Reading splits opens the world and lets the light peek through. But how, exactly, does it work its magic?
Every fall for a whole week, I surround myself with some of my best writer buddies and sink into a sea of words. Yesterday, we were discussing something a masterful wordscraftsman once said–about how the spine tingles when we encounter a powerful phrase or sentence…about how we hoist ourselves up by the power of those words. Tingle. Hoist. Words that make us feel things.
This year, I’ve talked to a lot of girls about observation journals–like the one Lanie keeps. I’ve listened to them talk about what they see in their yards and on the way to school. They’ve listened to me talk about where my ideas come from and how it’s somewhat less mysterious than we sometimes think. Still, something is mysterious. How do black marks on a page (or screen) make feelings rise in our throats until we can hardly bear it?

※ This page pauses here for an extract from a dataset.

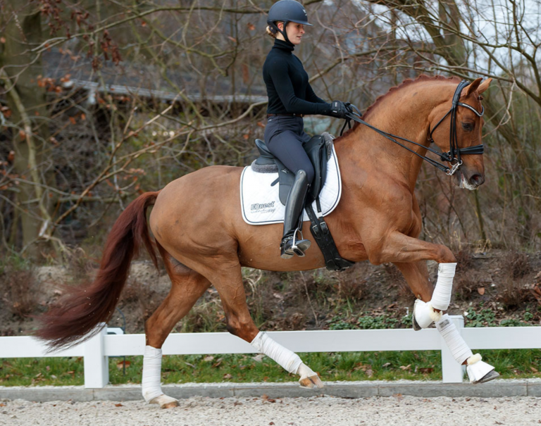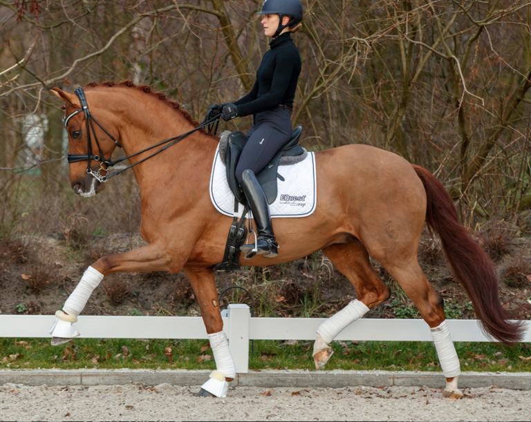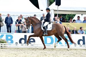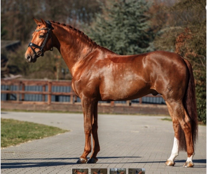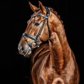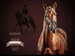 Veneno, liver chestnut Westphalian Stallion, by (Vitalis/Diamond Hit) born in 2011, standing approximately 16.2 hands. Veneno HC - a dressage sire with exceptional style and expertise. The dark chestnut stallion won the bronze medal at Westphalian championships in Muenster-Handorf, where he obtained the mark very good plus (9.5) for his trot and a clear very good (9.0) for his canter. Afterwards he entered the final at National Championships. Veneno HC satisfied the judges in his three gates and his exemplary rideability in his 30-days-test in 2015 in Schlieckau, too. The father Vitalis became reserve-victory in 2009 in Westphalia, placed in the WC of young dressage horses in 2013 and won Inter I- dressage competitions as a seven-years-old. With an index of 158 he belongs to the top first percent of German sires and he can already offer a range of licensed sons. Vitalis' sons are especially attractive. Veneno has what it takes to also be an important sire, because even on the maternal side his pedigree has much to offer. His mother, St.Pr.St. Diamond Lady previously brought forth seven children and all of them are very successful and promising. Her first offspring was awarded the title of state premium mare and was sold to South Germany. The dam's sire Diamond Hit is victorious up to Grand Prix level. The great-grandfather is the trademark stallion Landadel. With his quality pedigree, Veneno HC is a strong contender for future breeding and is now available through Waterview Park.
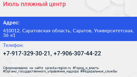 Июль, пляжный центр по адресу 410012, Саратовская область, Саратов, Университетская, 36 к1 в дальнейшем Организация, размещена в следующих категориях:

Sometimes we’re haunted by feelings we can’t shake no matter how hard we put our will to the task. This dog traveled with my brother when my family left Ethiopia in the 1970s. Somewhere in Minnesota, Baron disappeared. It doesn’t surprise me that my brother’s first novel for young readers, The Pup Who Cried Wolf, sees the world through the eyes of a dog–a dog who loves car travels, among other things. Our memories and observations–the things we care about–the things that haunt us…those are things that make us brave and determined enough to face down the resistance that comes when any writer sits with a blank screen or page (or, sometimes worse, one with the wrong words already on it, blocking the way).
When we aren’t quite brave enough, not quite determined enough, sitting silently in a luminous room with other brave writers can help. Amazing books have been born and shaped in this circle.
We learn so much from each other. Toni Buzzeo, who used to be a school librarian, was the one who yesterday told me about this book, which I can’t wait to share with the board members of Ethiopia Reads when they gather in Denver to figure out goals and dreams for 2011. That’s the next traveling I’ll do after I get home from this retreat. How fitting that I sit here not only step-stepping my way through the books I want to write, but talking and thinking about the ways we share the books we love.
Last night, we talked about books that had stuck with us since childhood. The Secret Garden. Caddie Woodlawn. Julie of the Wolves. A Little Princess. Millions of Cats. Through books, we imagined ourselves into the skin of other characters. We saw the world. We felt deep feelings and found words to wrap around them. Our lives would have been so much poorer without books. No wonder children all around the world are drawn to shaping words, even if it’s with a stick scraping in the dirt under a tree, and reading them whenever and wherever they can manage to find a way.
Some things just can’t be shared, country to country. Language gets in the way and so do emotions and expectations and just how hard it is to lift something up and carry it from one place to another.
But, amazingly, a lot of things CAN be shared. Books right this minute are being carried from the United States to Ethiopia–and in 2011, that will happen again and again.
Onward!
2 thoughts on “We hoist ourselves up with a rope of words”
Friend,
As a teacher of young ones, it never ceases to make my heart sad when consistently I hear “I don’t know what to write”. I always tell them to write what is on their heart, what they know the most about, love the deepest, enjoy. Still they struggle. Life goes by so fast for them just as it does for us. It isn’t realistic for most of my students to actually have a journal to write in on their way to school or when ever a good idea might pop into their head. But maybe we need to explicitly teach them how to keep a “journal in their heads”. How to write a wonderful moment on their brains, or file away something that made them happy or sad. Maybe this is what we need to do to help our at-risk children say all of the amazing things they have to say each and every day. Thanks for helping all of us by your explicit teaching Jane!
I wish I’d had someone like you as a writing teacher when I was a young writer! Thanks for helping those students open their eyes and hearts.